About a month ago, the Court of Appeals for the Ninth Circuit issued a short opinion on how to determine if a manufacturer has a duty to warn of a particular risk created by its products. As stated by the court, the case called upon the court “to decide whether, in August 2004, a manufacturer of electronic control devices, commonly referred to as “tasers,” was under a duty to warn that repeated exposure to its products could lead to fatal levels of metabolic acidosis.”
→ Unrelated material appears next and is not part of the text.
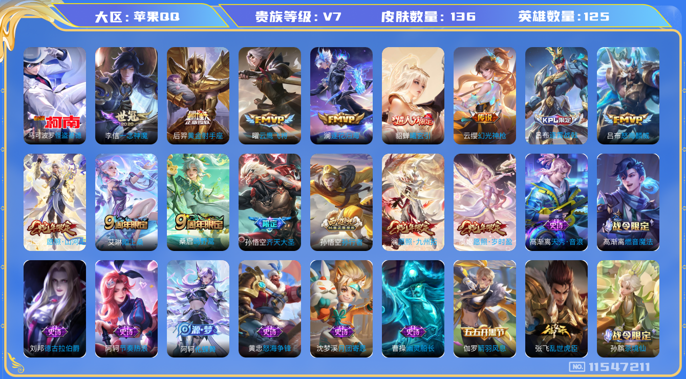 [11547211]V7 1珍品传说 12传说 125英雄 136皮肤 可修改实名 优质装备:怪盗基德,黄金射手座,云鹰飞将(小将军),一念神魔,澜逐花归海 传说皮:貂蝉曦玄引,幻光神枪 珍宝阁皮:妄想食味 限定皮:愿照·九州拓(澜年限),愿照·岁时盈(虞姬年限),愿照·山河定(司空震年限),逐霄战戟,陌上桑,鸣野蒿,齐天大圣,怒海麟威,孙行者 史诗皮:狼魂孤将,绮世丹青,化蝶舞,星界特工,龙之律动,石田雨龙,茶境仙,破空之剑,埋骨钱,怒海争锋,蔬乡物语(鲁班七号),超元猎域,百相守梦-百里守约,紫霞仙子,特工魅影,千年之狐,高渐离燃音魔法,魅语,猫狗日记-孙策,乱世虎臣,节奏热浪,水果甜心,绅士熊喵,心灵骇客,德古拉伯爵,暗隐猎兽者,幽灵船长,鬼剑武藏,心灵战警,乐园奇幻夜,天秀·启明,纤云弄巧,缤纷独角兽,逐浪之夏,月团寄思,水晶猎龙者,箭羽风息,鹰眼统帅,暗夜贵公子,魅力维加斯,天秀·音浪,未来纪元-赵云

Applying California law, which appears to be typical on this issue, the court stated that manufacturers have a duty to warn of a particular risk “if it is known or knowable in light of the generally recognized and prevailing best scientific and medical knowledge available at the time of manufacture and distribution.” Then the court explained the basic principles on the issue of what is “knowable”:
(1) manufacturers are held to the knowledge and skill of an expert in the field
(2) manufacturers are obliged to keep abreast of any scientific discoveries and are presumed to know the results of all such advances.
(3) manufacturers cannot defeat liability by claiming they did not review the relevant scientific literature.
But, (4) manufacturers are not under a duty to warn of every report of a possible risk, no matter how speculative, conjectural, or tentative.
Applying these principles to the facts of the case, the court found that to establish that the risk that the defendant’s products could cause fatal levels of metabolic acidosis was knowable by December 2003, the plaintiffs relied primarily on four peer-reviewed articles and concluded that these articles did not present a triable issue of fact that the risk was more than purely speculative.
The case is called Rosa v. Taser International and it is available here.